Required work
All of the data must be written out verbatim, with pictures excluded.

● ● ● ●

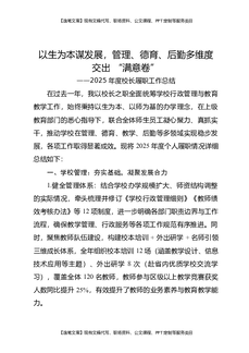 2025年度校长履职工作总结:以生为本谋发展,管理、德育、后勤多维度交出“满意卷”.docx
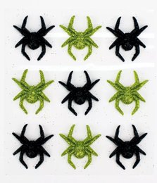 Sticker araignee acrylique glitter vert. noir 3 cm x 9 pcs
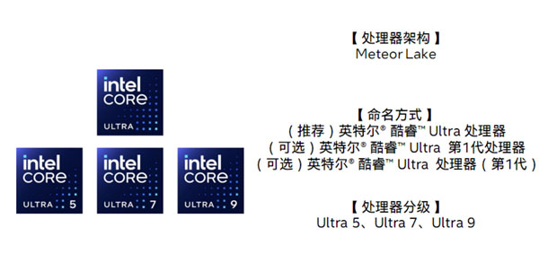 2006年,酷睿(Core)品牌诞生。 2008年,酷睿i(Core i)系列诞生,初期包含i3、i5、i7,后来增加了i9。 十几年来,酷睿几乎已经成为PC处理器的代名词,也是主流大众的首选,一如奔腾、赛扬般经典。 但是,没有什么可以永恒,酷睿的故事要翻开新的篇章了。 快科技6月15日消息,Intel正式宣布酷睿品牌重大升级焕新,拆分为针对旗舰级的“Intel酷睿Ultra”(中文名稍后公布)、针对主流级的“Intel酷睿”,即将推出的Meteor Lake、Raptor Lake Refresh两大处理器会首次引入全新命名方式。 Intel本次品牌焕新的涉及面相当广,包括品牌名称和新视觉标识、代际名称位置、型号分级命名方式,而涉及的标识共有五组,涵盖酷睿、Evo、vPro等品牌及平台。 接下来就给大家详细解读一下这次变化,注意确实有点……凌乱。 酷睿Ultra—— Meteor Lake将会正式命名为“全新Intel酷睿Ultra处理器”,也可以叫做“Intel酷睿Ultra第一代处理器”、“Intel酷睿Ultra处理器(第一代)”,最简单的说法就是“一代酷睿Ultra”。 一代酷睿Ultra从高到低分为酷睿Ultra 9、酷睿Ultra 7、酷睿Ultra 5三个子系列,至少暂时没有酷睿Ultra 3。 酷睿—— Meteor Lake将会引入全新的工艺、架构、技术,与此同时,Intel还会升级现有的Raptor Lake 13代酷睿,但又分为两个不同档次。 一是Raptor Lake U超低功耗系列,命名为“Intel酷睿处理器”,也可以叫做“Intel酷睿第一代处理器”、“Intel酷睿处理器(第一代)”,最简单的说法就是“一代酷睿”(没有任何后缀)。 它也分为三个级别,从高到低分别是酷睿7、酷睿5、酷睿3,注意没有酷睿9。 酷睿i—— 那么,经典的酷睿i是不是就彻底取消了?非也。 这就是Raptor Lake的另一部分升级,包括HX系列高端移动版、S系列桌面版。 它们将延续现有命名体系,官方标准称呼也是“Intel酷睿处理器”,或者叫做“Intel酷睿第14代处理器”、“Intel酷睿处理器(第14代)”,最方便的简称自然是“第14代酷睿”。 14代酷睿沿用与11/12/13代酷睿相同的标识,并继续划分为酷睿i9、酷睿i7、酷睿i5、酷睿i3等四个子系列。 至于为什么同样是Raptor Lake Refresh升级版,U系列叫一代酷睿,HX/S系列叫14代酷睿? Intel的解释是:“这些产品发布的时间不同,并且是针对不同用户推出的产品,还将针对性能分为不同级别。” 简单地说:酷睿Ultra属于旗舰级,酷睿i属于发烧级,酷睿属于主流级。 |
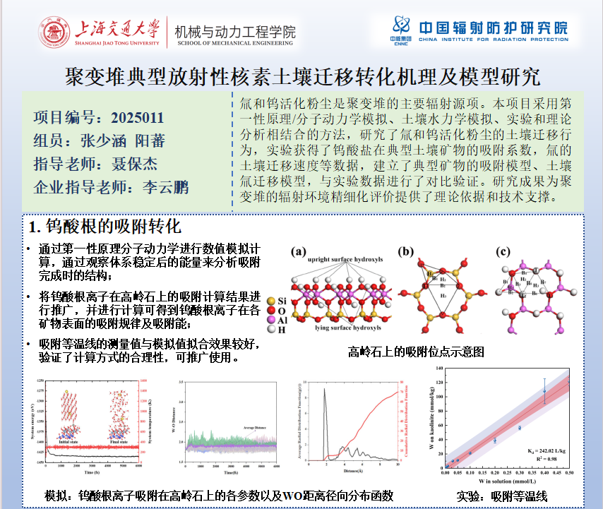 聚變堆是核能發(fā)展的最終選擇,也是目前人類解決未來(lái)能源問(wèn)題的根本途徑之一。鎢及其合金因其高熔點(diǎn)、低濺射率及較低的氚滯留等優(yōu)勢(shì)被認(rèn)為是理想的面向等離子體候選材料,在高能中子輻照下,聚變堆運(yùn)行中會(huì)產(chǎn)生一定水平鎢活化粉塵;氚是聚變堆的燃料,堆內(nèi)氚盤存量可達(dá)千克量級(jí)。氚和鎢活化粉塵具有可移動(dòng)性特點(diǎn),是聚變堆的主要輻射源項(xiàng)。特別在事故工況下,會(huì)向環(huán)境釋放一定水平氚和氣載鎢活化粉塵,經(jīng)大氣擴(kuò)散沉積在周邊土壤環(huán)境中。氚和鎢活化粉塵在土壤中會(huì)發(fā)生復(fù)雜行為:形態(tài)轉(zhuǎn)化、吸附/解吸、遷移等,其遷移轉(zhuǎn)化機(jī)制尚不明確,模型尚未建立。
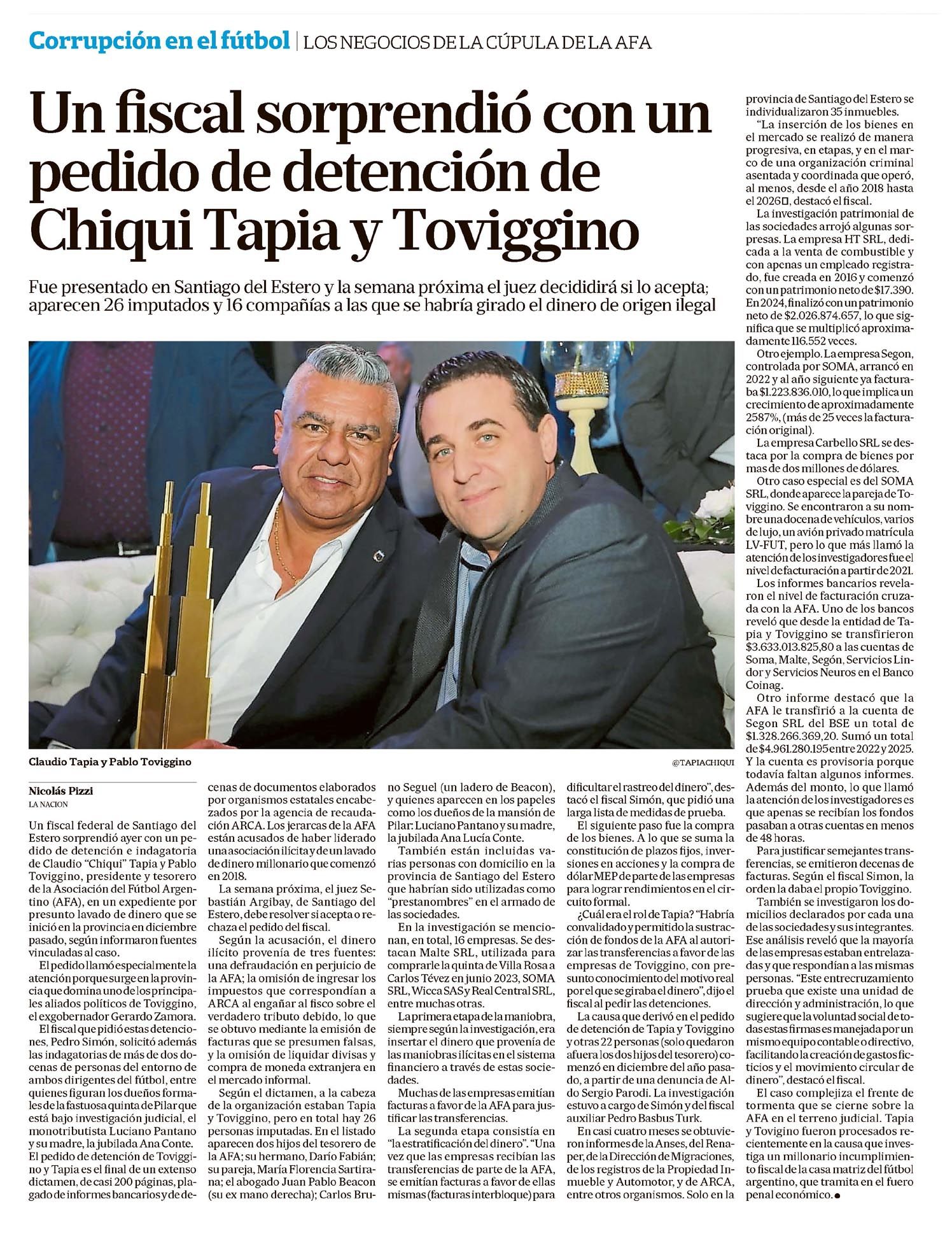 Un fiscal federal de Santiago del Estero presentó un pedido de detención e indagatoria contra Claudio ?Chiqui? Tapia y Pablo Toviggino, presidente y tesorero de la Asociación del Fútbol Argentino, por sospechas de lavado de dinero, según consigna la nota de La Nación. Esta acción judicial podría tener repercusiones en la gestión deportiva y política nacional.
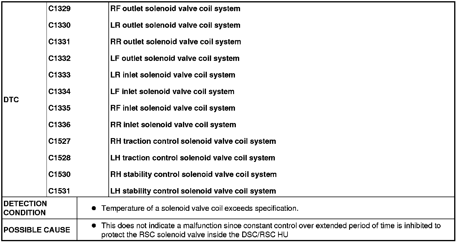 DTC C1329, C1330, C1331, C1332, C1333, C1334, C1335, C1336, C1527, C1528, C1530, C1531 [DSC/RSC]
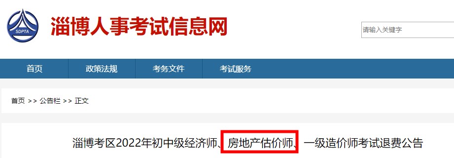淄博考區(qū)2022年初中級經濟師、房地產估價師、一級造價師考試退費公告
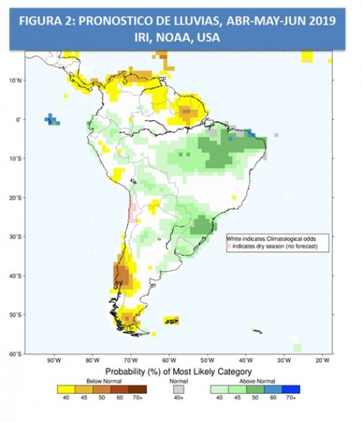Hasta fin de la primera quincena de abril las lluvias se ubicarían por debajo de sus valores normales, y el modelo climático del IRI (NOAA-USA) (ver la FIGURA 2) muestra que para el TRIMESTRE ABRIL – MAYO – JUNIO las lluvias tendrían apartamientos por encima de los valores normales en el norte de Argentina, sur de Brasil, Bolivia y Paraguay, con normalidad en el resto de Argentina, PARTICULARMENTE EN LA PROVINCIA DE ENTRE RIOS donde pueden darse episodios de pulsos frios y efectos de lluvias convectivas.

● ● ● ●

Response to the task
 2025年度校长履职工作总结:以生为本谋发展,管理、德育、后勤多维度交出“满意卷”.docx
 Sticker araignee acrylique glitter vert. noir 3 cm x 9 pcs
 2006年,酷睿(Core)品牌诞生。 2008年,酷睿i(Core i)系列诞生,初期包含i3、i5、i7,后来增加了i9。 十几年来,酷睿几乎已经成为PC处理器的代名词,也是主流大众的首选,一如奔腾、赛扬般经典。 但是,没有什么可以永恒,酷睿的故事要翻开新的篇章了。 快科技6月15日消息,Intel正式宣布酷睿品牌重大升级焕新,拆分为针对旗舰级的“Intel酷睿Ultra”(中文名稍后公布)、针对主流级的“Intel酷睿”,即将推出的Meteor Lake、Raptor Lake Refresh两大处理器会首次引入全新命名方式。 Intel本次品牌焕新的涉及面相当广,包括品牌名称和新视觉标识、代际名称位置、型号分级命名方式,而涉及的标识共有五组,涵盖酷睿、Evo、vPro等品牌及平台。 接下来就给大家详细解读一下这次变化,注意确实有点……凌乱。 酷睿Ultra—— Meteor Lake将会正式命名为“全新Intel酷睿Ultra处理器”,也可以叫做“Intel酷睿Ultra第一代处理器”、“Intel酷睿Ultra处理器(第一代)”,最简单的说法就是“一代酷睿Ultra”。 一代酷睿Ultra从高到低分为酷睿Ultra 9、酷睿Ultra 7、酷睿Ultra 5三个子系列,至少暂时没有酷睿Ultra 3。 酷睿—— Meteor Lake将会引入全新的工艺、架构、技术,与此同时,Intel还会升级现有的Raptor Lake 13代酷睿,但又分为两个不同档次。 一是Raptor Lake U超低功耗系列,命名为“Intel酷睿处理器”,也可以叫做“Intel酷睿第一代处理器”、“Intel酷睿处理器(第一代)”,最简单的说法就是“一代酷睿”(没有任何后缀)。 它也分为三个级别,从高到低分别是酷睿7、酷睿5、酷睿3,注意没有酷睿9。 酷睿i—— 那么,经典的酷睿i是不是就彻底取消了?非也。 这就是Raptor Lake的另一部分升级,包括HX系列高端移动版、S系列桌面版。 它们将延续现有命名体系,官方标准称呼也是“Intel酷睿处理器”,或者叫做“Intel酷睿第14代处理器”、“Intel酷睿处理器(第14代)”,最方便的简称自然是“第14代酷睿”。 14代酷睿沿用与11/12/13代酷睿相同的标识,并继续划分为酷睿i9、酷睿i7、酷睿i5、酷睿i3等四个子系列。 至于为什么同样是Raptor Lake Refresh升级版,U系列叫一代酷睿,HX/S系列叫14代酷睿? Intel的解释是:“这些产品发布的时间不同,并且是针对不同用户推出的产品,还将针对性能分为不同级别。” 简单地说:酷睿Ultra属于旗舰级,酷睿i属于发烧级,酷睿属于主流级。 |
 聚變堆是核能發(fā)展的最終選擇,也是目前人類解決未來(lái)能源問(wèn)題的根本途徑之一。鎢及其合金因其高熔點(diǎn)、低濺射率及較低的氚滯留等優(yōu)勢(shì)被認(rèn)為是理想的面向等離子體候選材料,在高能中子輻照下,聚變堆運(yùn)行中會(huì)產(chǎn)生一定水平鎢活化粉塵;氚是聚變堆的燃料,堆內(nèi)氚盤存量可達(dá)千克量級(jí)。氚和鎢活化粉塵具有可移動(dòng)性特點(diǎn),是聚變堆的主要輻射源項(xiàng)。特別在事故工況下,會(huì)向環(huán)境釋放一定水平氚和氣載鎢活化粉塵,經(jīng)大氣擴(kuò)散沉積在周邊土壤環(huán)境中。氚和鎢活化粉塵在土壤中會(huì)發(fā)生復(fù)雜行為:形態(tài)轉(zhuǎn)化、吸附/解吸、遷移等,其遷移轉(zhuǎn)化機(jī)制尚不明確,模型尚未建立。
 Un fiscal federal de Santiago del Estero presentó un pedido de detención e indagatoria contra Claudio ?Chiqui? Tapia y Pablo Toviggino, presidente y tesorero de la Asociación del Fútbol Argentino, por sospechas de lavado de dinero, según consigna la nota de La Nación. Esta acción judicial podría tener repercusiones en la gestión deportiva y política nacional.
 DTC C1329, C1330, C1331, C1332, C1333, C1334, C1335, C1336, C1527, C1528, C1530, C1531 [DSC/RSC]
淄博考區(qū)2022年初中級經濟師、房地產估價師、一級造價師考試退費公告
Hasta fin de la primera quincena de abril las lluvias se ubicarían por debajo de sus valores normales, y el modelo climático del IRI (NOAA-USA) (ver la FIGURA 2) muestra que para el TRIMESTRE ABRIL – MAYO – JUNIO las lluvias tendrían apartamientos por encima de los valores normales en el norte de Argentina, sur de Brasil, Bolivia y Paraguay, con normalidad en el resto de Argentina, PARTICULARMENTE EN LA PROVINCIA DE ENTRE RIOS donde pueden darse episodios de pulsos frios y efectos de lluvias convectivas.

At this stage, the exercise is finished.